Even if you are not interested in the cultural and anthropological evolution of this Turkic-speaking people of the Russian Far Eastern region, the method used is an excellent example of how to use archaeology and genetics (especially Y-DNA and mtDNA data) to obtain meaningful results when investigating ancient populations.

For quite some time, probably since the first renown admixture analyses of ancient DNA samples were published, we have been living under the impression that phylogeography, or simply archaeogenetics as it was called back in the day, is not needed.

Cavalli-Sforza’s assertion that the study of modern populations could offer a clear picture of past population movements is now considered wrong, and the study of Y-DNA and mtDNA haplogroups is today mostly disregarded as of secondary importance, even among geneticists. Whole genomic investigation (and especially admixture analyses) have been leading the new wave of overconfidence in genetic results, tightly joint with the ignorance of its shortcomings (and commercial interests based on desires of ethnic identification), and haplogroups are usually just reported with other, not entirely meaningful aspects of ancient DNA analyses.

While it is undeniable that admixture analyses are offering quite interesting results, they must be carefully balanced against known archaeological and linguistic knowledge. Phylogeography – and especially Y-DNA haplogroup assessment – is quite interesting in investigating kinship and clans in patrilocal communities – i.e. most communities in prehistoric and historic periods, unless proven otherwise.

Luckily enough, there are those researchers who still strive to obtain meaningful information from haplotypes.

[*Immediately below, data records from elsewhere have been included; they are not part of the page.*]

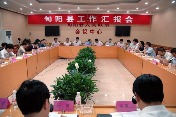 当天下午,旬阳县委、县政府在县政府会议室向副省长郑小明一行就旬阳县的发展思路及工作进展情况、新型农村合作医疗工作开展情况、社会事业其他方面工作的开展情况等作了详细汇报。副省长郑小明在认真听取了旬阳县委、县政府的汇报后说,旬阳县风光迷人、矿产丰富,在市县领导的正确领导下,各项工作取得了显著成绩,卫生基础设施健全。作为全省新型农村合作医疗工作试点县,为全省新农合工作的开展作出了积极贡献,值得充分肯定。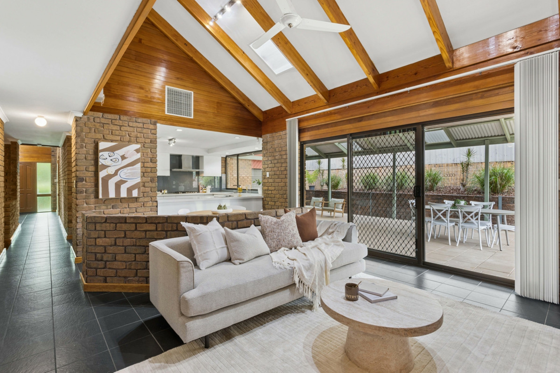 Flowing seamlessly from the kitchen, the family room opens out to a generous outdoor entertaining area beneath a pitched pergola. This inviting space is ideal for year-round entertaining, from relaxed weekend barbecues to hosting family and friends in comfort and style.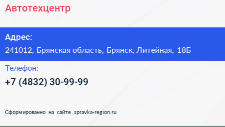 Автотехцентр по адресу 241012, Брянская область, Брянск, Литейная, 18Б в дальнейшем Организация, размещена в следующих категориях: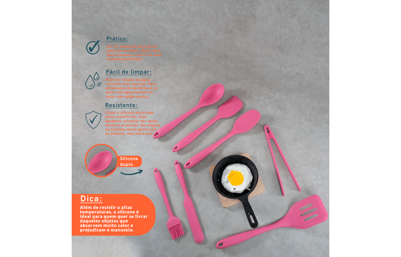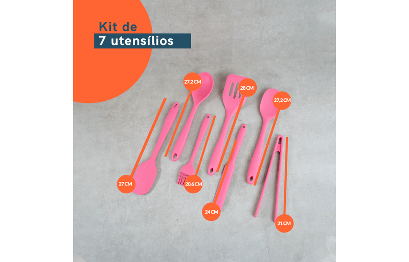 cozinha práticautensílios de siliconeKit chef variado c/ pegador de silicone 7 peças oikos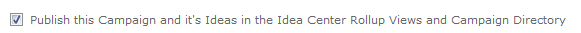 Also note that campaigns which are part of a community can also be published to be visible in the global page. Clicking the publish checkbox is not required to make community campaigns visible on the community rollup page.
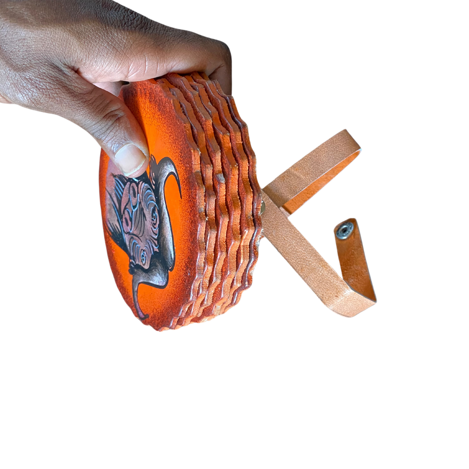 Add some flair to your home with this vibrant and unique African Six Painted Leather Table Set Saucer. Hand-painted by skilled artisans, each set is one-of-a-kind and will make a statement in any room. Complete your décor with this beautiful and functional piece..

The article referenced in this post is quite interesting due to its phylogeographic method’s applicability to ancient cultures and peoples.

When some geneticists look at simplistic prehistoric maps, like those depicting Yamna, Afanasevo, Corded Ware, and Bell Beaker cultures together, they forget that 1) cultural regions are selected more or less arbitrarily (we only have certain scattered sites for each of these cultures); 2) economic or population contacts are difficult to ascertain and to represent graphically; and 3) time periods for archaeological sites are important – in fact, they are probably THE most important aspect in assessing how accurate a map (and its “arrows” of migration or exchange) represents reality.

A careful, detailed study like this one, if applied to the Pontic-Caspian steppe, would probably reveal how R1b subclades dominated steppe clans, beginning at least during the Suvorovo-Novodanilovka expansion to the west, and certainly representing the vast majority of lineages during the internal expansion in the Early Yamna period and its later expansion east and west of the steppe…

Featured image from the article, summing up Geography, Archaeology, and Genetics of Yakutia – including Y-DNA and mtDNA haplogroups from ancient populations.